Les religieuses de Saint-Sulpice, comme le prouve la tradition, se livraient à l’enseignement, mais il serait difficile de préciser ce qu’elles apprenaient aux enfants qui leur étaient confiées. Certes, l’éducation des jeunes filles au moyen âge ne fut pas aussi soignée que celle des garcons, pourtant elle ne fut point négligée et encore moins oubliée. Sous Charlemagne, saint Louis, Philippe le Bel et jusqu’à Charles VIII, on trouve des femmes éminentes qui se distinguent non seulement par leurs vertus publiques ou privées, mais encore par la variété des connaissances et quelquefois même par le talent d’écrire.

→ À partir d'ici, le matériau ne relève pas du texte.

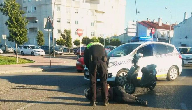 Por otro lado la Policía Local se trasladó a la glorieta de Juan Holgado, donde se había producido un accidente de tráfico con herido. Una vez en el lugar, los actuantes comprobaron la veracidad del comunicado, siendo los vehículos implicados un turismo y un ciclomotor, cuya conductora resultó lesionada como consecuencia del accidente y tuvo que ser trasladada en ambulancia al hospital.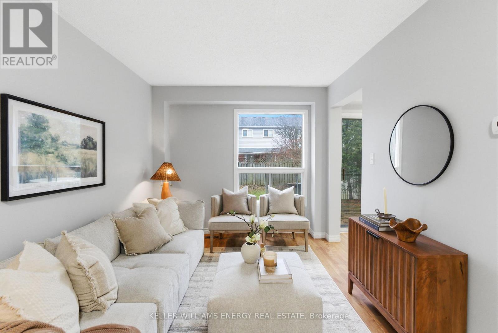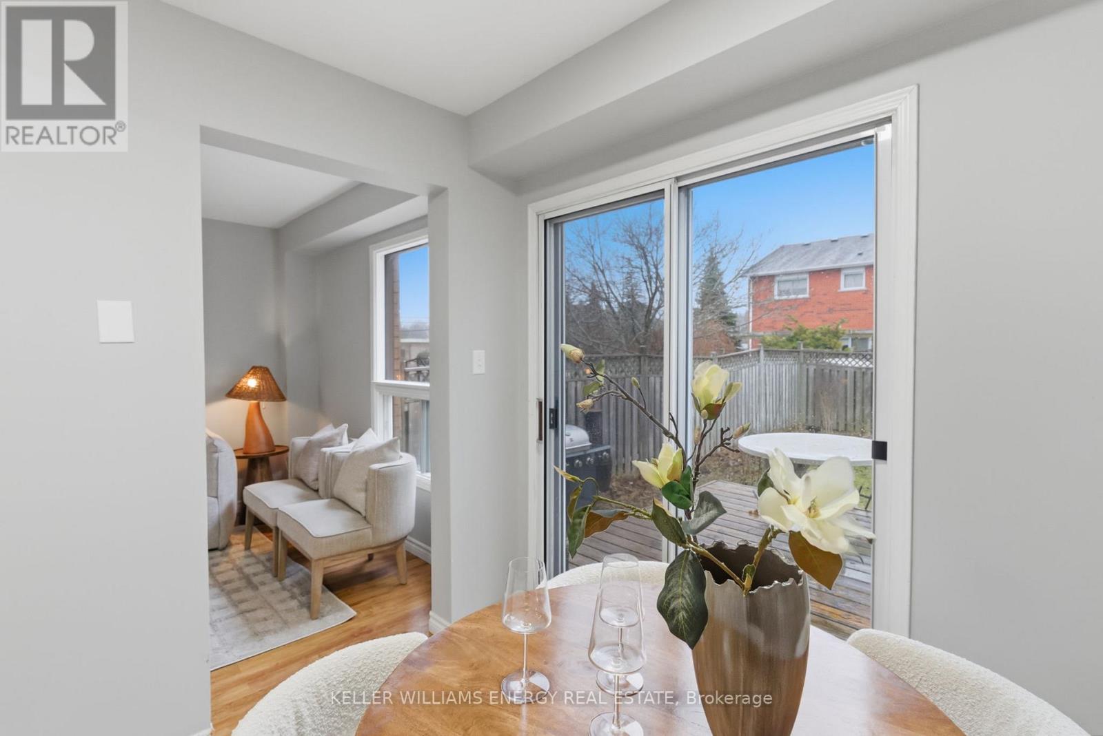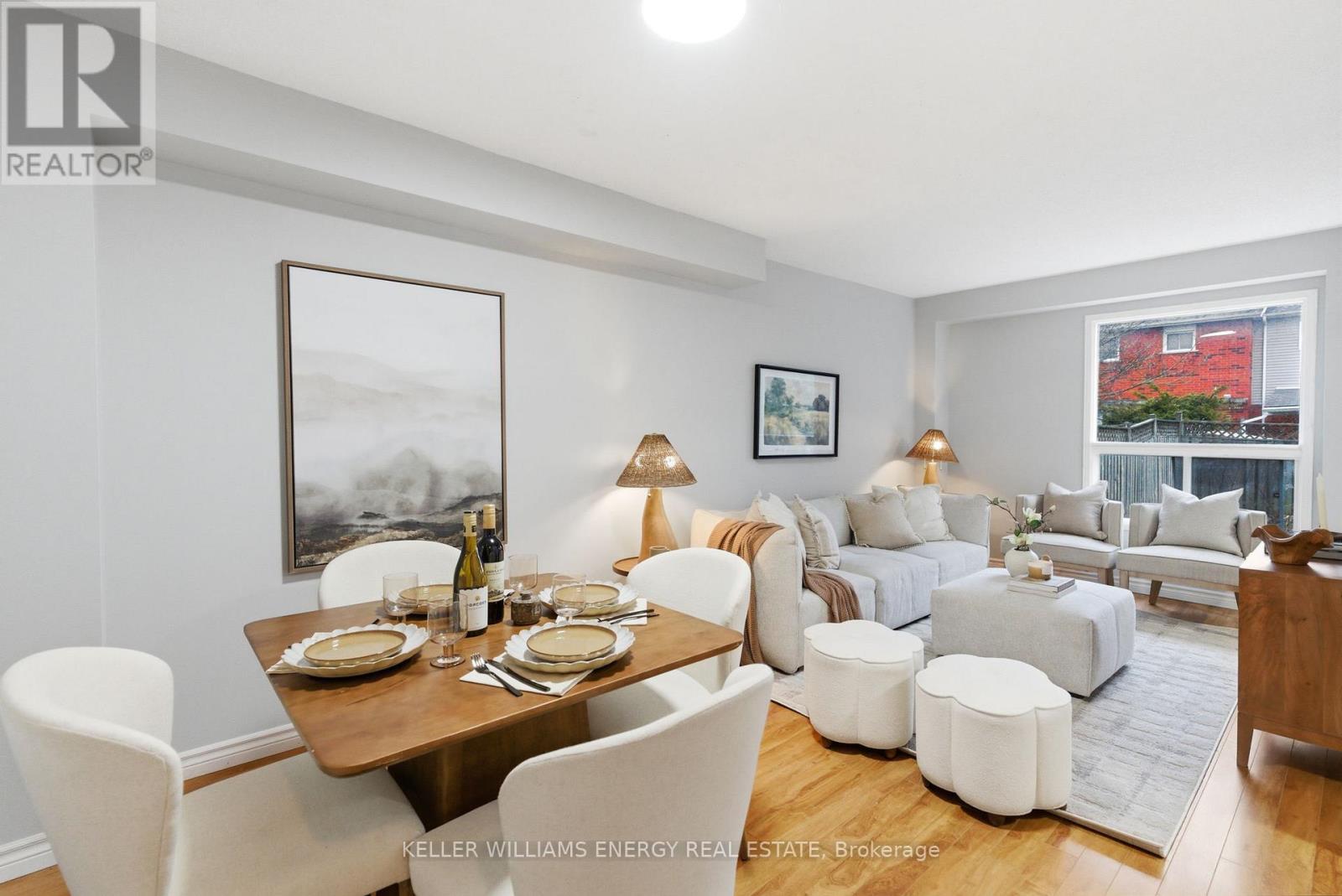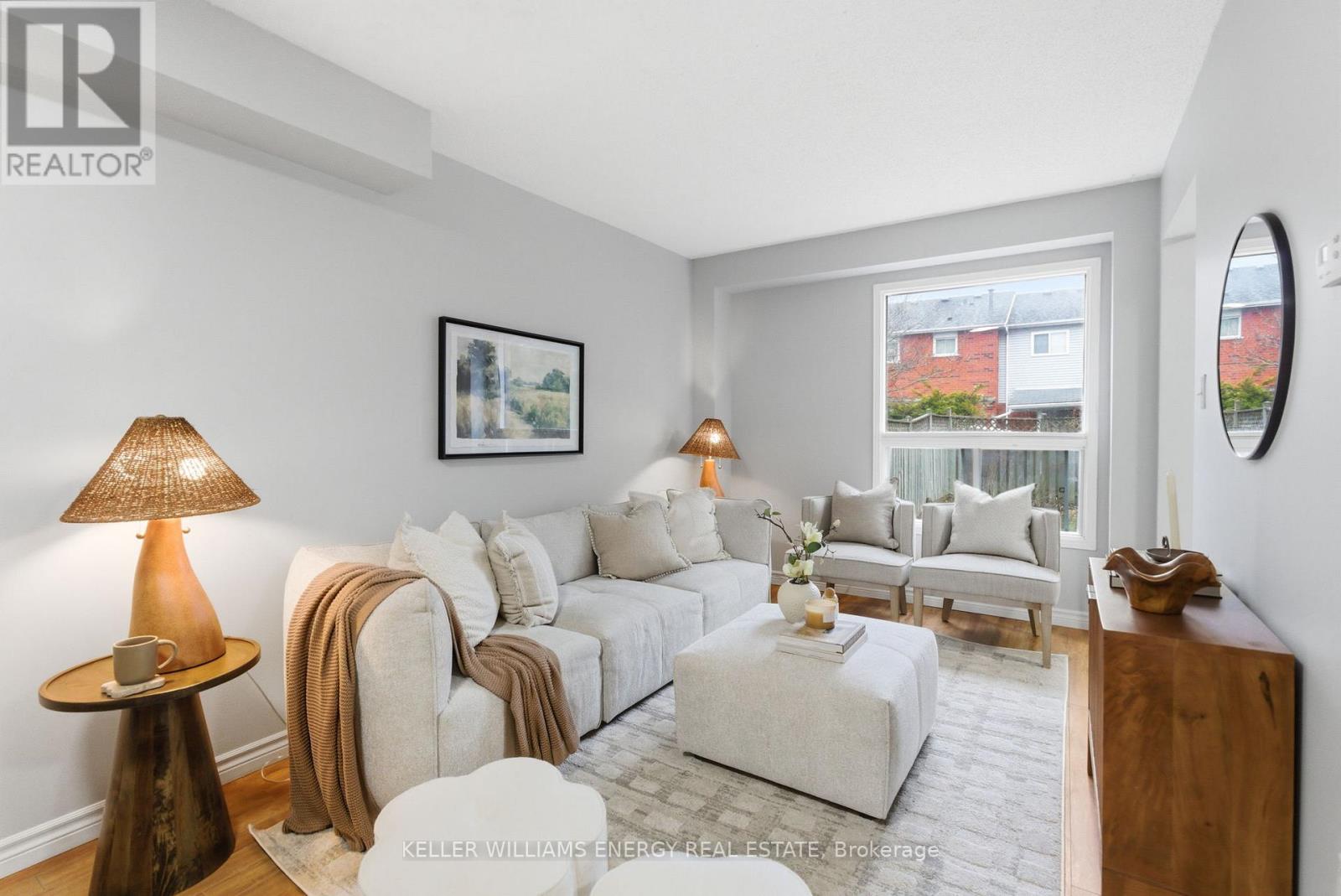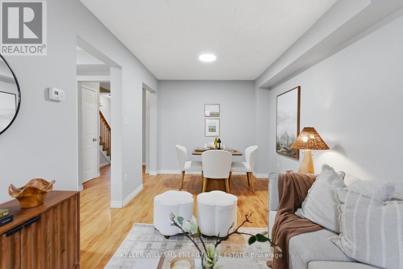 Perfectly situated at the end of a quiet court in one of Courtice's most sought-after neighbourhoods, this freehold townhome offers effortless, move-in-ready living. The bright, open-concept main floor features a combined living and dining area with a convenient powder room, newer laminate flooring, and fresh paint throughout. Large windows fill the home with natural light, creating a warm and inviting atmosphere. The sun-filled kitchen is ideal for family meals and everyday living, with walkout access to a spacious deck and a private backyard oasis, perfect for entertaining. Upstairs, you'll find three well-designed bedrooms, including a generous primary retreat with laminate flooring, a double closet, and a semi-ensuite bath. The second level also features laminate flooring in the additional two bedrooms. The partially finished basement offers added living potential along with ample storage space. Located in a prime Courtice location overlooking beautiful pond views, you're just minutes to top-rated schools, parks, the community centre, shopping, and all essential amenities. Commuters will appreciate quick access to Hwy 418, 407, 401 and nearby public transit. Updated for style and comfort, this turnkey home is a rare opportunity in a family-friendly community-perfect for first-time buyers or anyone looking for a low-maintenance lifestyle in a desirable neighbourhood. (id:64974)

Si saint Paul recommande à la femme de se taire à l’église et lui défend de disputer sur le dogme et la morale, néanmoins, dans sa sollicitude, il confond les diaconnesses avec les diacres de la primitive Eglise. A son exemple, le Pères grecs et latins témoignent dans la suite un zéle spécial pour l’nstruction de la femme. Saint Jérôme ne donne-t-il pas tout un plan d’éducation destiné à des jeunes filles. Un fait constant, c’est qu’au VIème et VIIème siècles, il existait sur le sol de Gaule plusieurs monastère dans lesquels les lettres divines et humaines étaient cultivées par les religieuses, et où de jeunes enfants étaient admises et élevées. Sainte Radegonde, au monastère de Saint-Croix, qu’elle avait fondé à Poitiers, lisait habituellement Saint Grégoire de Nazianze, Saint Basile, Saint Athanase, Saint Hilaire, Saint Ambroise, Saint Augustin .... Elle exhortait ses compagnes à imiter son exemple ; elle les instruisait elle-même, et quand on faisait la lecture en commun elle expliquait les passages obscurs et difficiles.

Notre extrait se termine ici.